For more details, see Resource Page.

✏️ Updating Resource

Workflow:

  1. Request update → temp state.
  2. Adjust variables or source code version.
  3. Dry run (plan) → ensure only expected changes.
  4. Approval (if enabled) → apply.
  5. Outputs refreshed. Revision number increments.

🗑️ Destroy & Delete Policy

Recommended:

  • Enforce “Destroy before Delete” for audit retention.
  • Batch cleanup: destroy leaf resources first; walk upward.

Blocked scenarios:

  • Active child provisioned resources.
  • Downstream dependencies (outputs referenced). Resolve by destroying or detaching dependents.

🛡️ Governance & RBAC

Roles (simplified):

  • Owner/Admin: approve + destructive actions.
  • Write: create/update resources.
  • Read: view only.

💰 Cost & Compliance Tips

Goal Mechanism
Cost Allocation Mandatory inherited tags from abstract account/environment.
Least Privilege Separate integration per account. Scope permissions.
Change Audit Use workspaces + approval flow + revision numbers.
Cleanup Scheduled review of provisioned but idle resources. Run destroy sequences.
Consistency Abstract configs for shared values (CIDR ranges, region, naming prefix).
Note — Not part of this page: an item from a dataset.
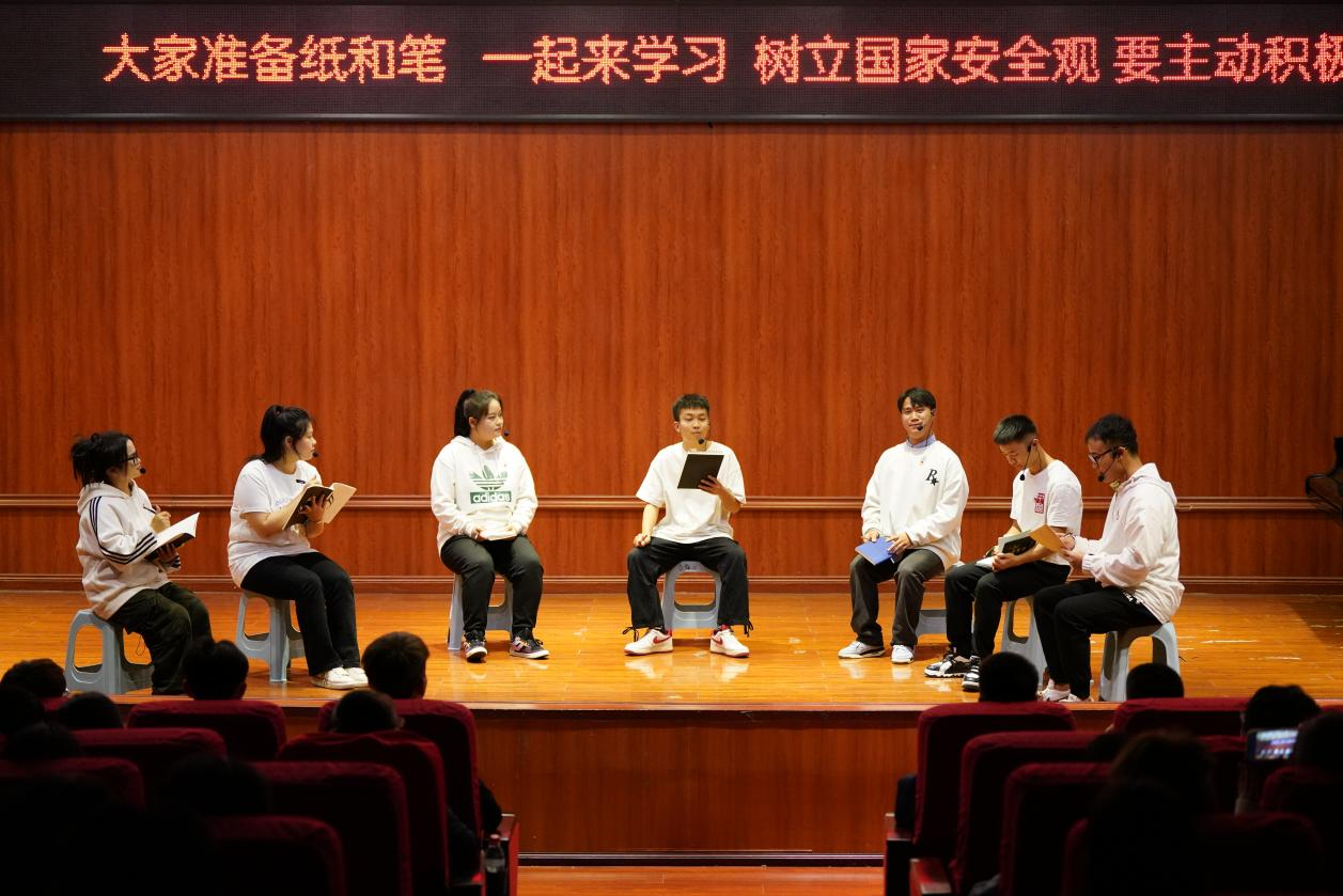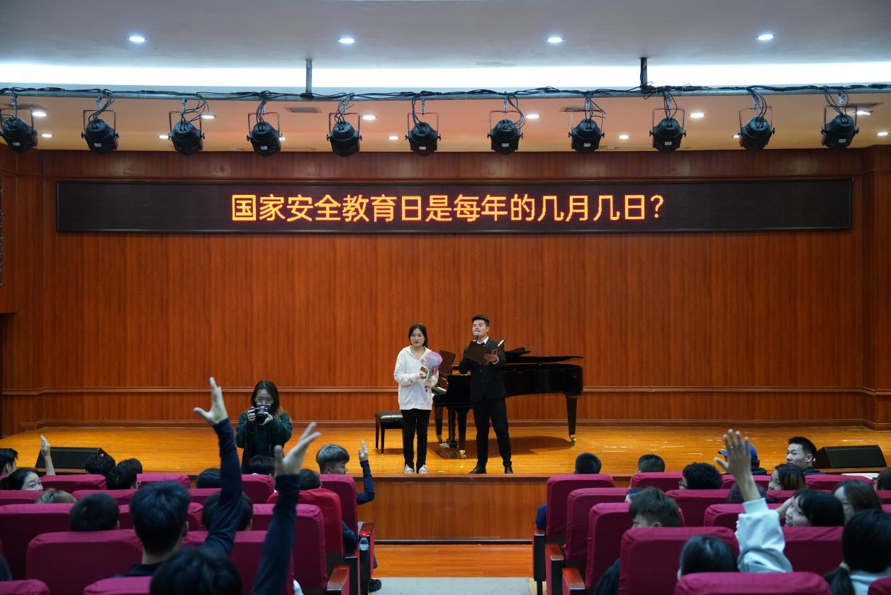 本次团日活动以文艺展演的形式浸润“国家安全人人有责”的主体观,整场节目立意新颖、丰富多彩,涵盖了合唱、朗诵、钢琴四手联弹和新说唱等。其中,由李晓艳等同学带来的合唱《有我》激昂感人,表达了青年一代对国家清澈而真挚的爱;党团青年代表朗诵的《国家安全人人有责》铿锵有力,唤起了在场每一个人对国家安全的重视;钢琴四手联弹《花儿为什么这样红》在曹青华同同学的舞姿中尽显青春活力;杨宇航等党团学生干部原创的新说唱《我的国家安全观》以本土方言+Rap的独特表达方式,将现场气氛推向高潮,全体师生在轻松愉悦的说唱氛围中,深化了居安思危的思想。演出期间,彭启林同学化身“国家安全宣传员”,以趣味互动问答的形式,进一步厚植了“树立国家安全观·共创安全新局面”的主题思想,同学们踊跃举手、争先回答,现场氛围活力四射、热烈激扬。活动在温馨感人的歌曲《国家》中圆满结束。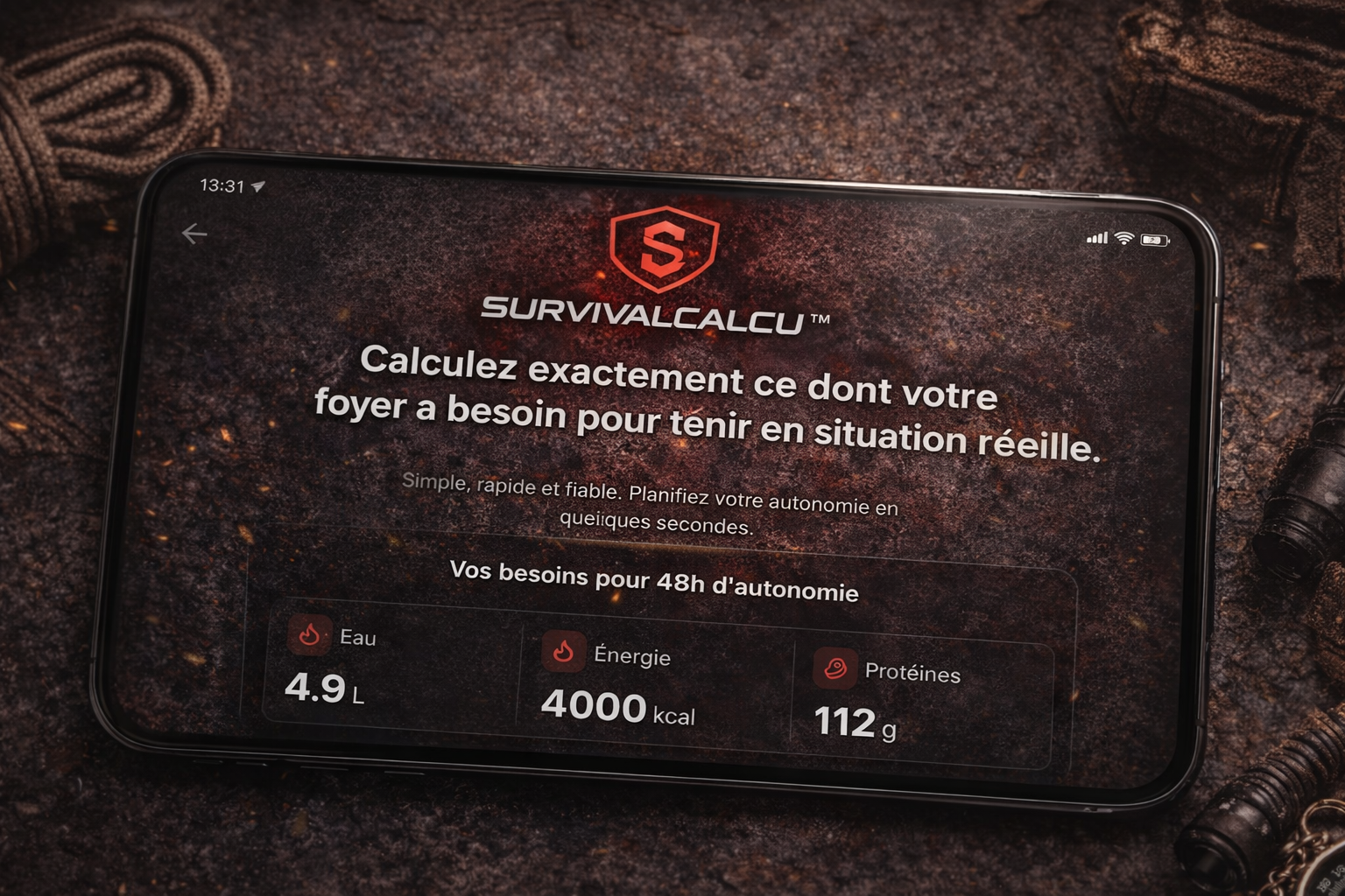 En quelques secondes, découvrez exactement la quantité d’eau et de nourriture nécessaire selon votre situation.

🧰 Troubleshooting Quick Reference

Symptom Likely Cause Action
Plan shows unexpected destroys Variable mismatch or source version drift Re-check inherited configs. Compare previous revision.
Resource stuck in_progress Long apply or state lock Inspect logs. Wait for known long tasks.
Cannot destroy Active children or output dependencies Destroy children first. Clear references.
Variables missing Source code version analysis failed Re-analyze. Confirm path & variables.tf presence.
PR not created Existing branch/PR Approve or close current PR. Retrigger update.
Status error after apply Terraform failure Review logs. Fix variables/integration. Retry.

📚 Summary

Establish hierarchy & governance first (abstract resources + tags/configs), then incrementally introduce concrete templates and controlled version updates. Use dry runs, approvals, and workspaces as guardrails. Keep naming/tagging uniform, rotate credentials, and leverage revision + audit trails for accountability.